This little island is often cast as a bastion of social conservatism in Canada. It is predominantly rural with 140,000 people, where you can throw a cat from anywhere and hit saltwater, as one bar patron put it this week.

All this makes frontrunner Wade MacLauchlan somewhat of an unlikely candidate.

MacLauchlan, an academic with little political experience, stands to be the first openly gay man to be elected premier in the province. But it hasn’t been a factor during the election campaign, he says.

“Absolutely zero,” the Liberal Party leader told the National Post this week. “I’ve been open about the fact that I’m gay. And my partner has been front and centre as appropriate, we try to keep some home life and privacy as anyone with any sense would do.

“That has not come up at any doorstep or any of the discussions that I’ve had across the island,” he said, noting that P.E.I. was the first to elect both a female premier and a premier of non-European descent.

“In some ways this might be a hat trick.”


MacLauchlan has a long career on Prince Edward Island. Among other things, he was president of the University of Prince Edward Island from 1999 through 2011. The first three years of his presidency were the last three in which I was studying at the same university and living and worrying and feeling afraid for reasons I could not articulate to myself.

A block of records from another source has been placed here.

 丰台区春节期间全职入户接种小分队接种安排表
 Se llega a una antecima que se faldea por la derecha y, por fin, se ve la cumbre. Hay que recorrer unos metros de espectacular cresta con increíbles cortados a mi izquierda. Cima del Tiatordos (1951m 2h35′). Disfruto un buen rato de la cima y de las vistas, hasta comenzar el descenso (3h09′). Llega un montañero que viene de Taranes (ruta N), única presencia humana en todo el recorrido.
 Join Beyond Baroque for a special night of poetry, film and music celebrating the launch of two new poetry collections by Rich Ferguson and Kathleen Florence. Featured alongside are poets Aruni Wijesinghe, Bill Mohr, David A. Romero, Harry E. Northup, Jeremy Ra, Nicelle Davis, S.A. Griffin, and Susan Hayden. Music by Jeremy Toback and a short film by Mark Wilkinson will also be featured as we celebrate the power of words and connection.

I had no idea what was going on, on Prince Edward Island in regards to people being gay and living as gay openly or otherwise. I still have no idea what was going on, not really. I just felt afraid all the time, for reasons I was not able to articulate to myself. Fear of being different, fear of being visible, fear of being somehow found out: all of it was there. There was so much fear that I don't think I can actually say, with any degree of certainty, what was going on, what would have happened if I'd come out earlier than 22 (21, 20, 19, 18, younger). I know only of specific things that happened to me: laughter over the table as friends of my parents laughed at the idea of a Pride parade in Charlottetown, a quite possibly over-friendly high school teacher who killed himself the next term after doing something with a student and the relief I felt, the mockeries of high school and the deepening depression I felt.

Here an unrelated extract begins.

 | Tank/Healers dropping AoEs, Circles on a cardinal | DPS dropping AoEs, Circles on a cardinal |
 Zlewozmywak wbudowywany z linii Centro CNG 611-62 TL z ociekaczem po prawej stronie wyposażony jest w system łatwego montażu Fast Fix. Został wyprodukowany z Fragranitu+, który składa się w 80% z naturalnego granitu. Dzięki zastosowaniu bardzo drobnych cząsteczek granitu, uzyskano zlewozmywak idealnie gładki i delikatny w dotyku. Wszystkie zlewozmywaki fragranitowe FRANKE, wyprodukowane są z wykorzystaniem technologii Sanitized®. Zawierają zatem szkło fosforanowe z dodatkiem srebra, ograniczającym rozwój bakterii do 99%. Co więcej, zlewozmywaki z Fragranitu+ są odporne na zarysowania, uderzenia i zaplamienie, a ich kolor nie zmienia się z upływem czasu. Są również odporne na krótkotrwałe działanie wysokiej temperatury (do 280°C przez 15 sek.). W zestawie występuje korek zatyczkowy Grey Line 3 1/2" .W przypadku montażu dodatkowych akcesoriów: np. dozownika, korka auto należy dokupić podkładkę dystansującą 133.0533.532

I don't know. I'm not sure you can understand how terribly this frustrates me. When I was much younger, I loved too enthusiastically Descartes and his argument that the human mind could understand its entire environment so long as it was sufficiently rigourous. This seemed to work for me as long as my world was cramped, narrow. Now that it has been exploded, even years later, I don't know what was actually going on. I wonder if I ever will, if I ever could.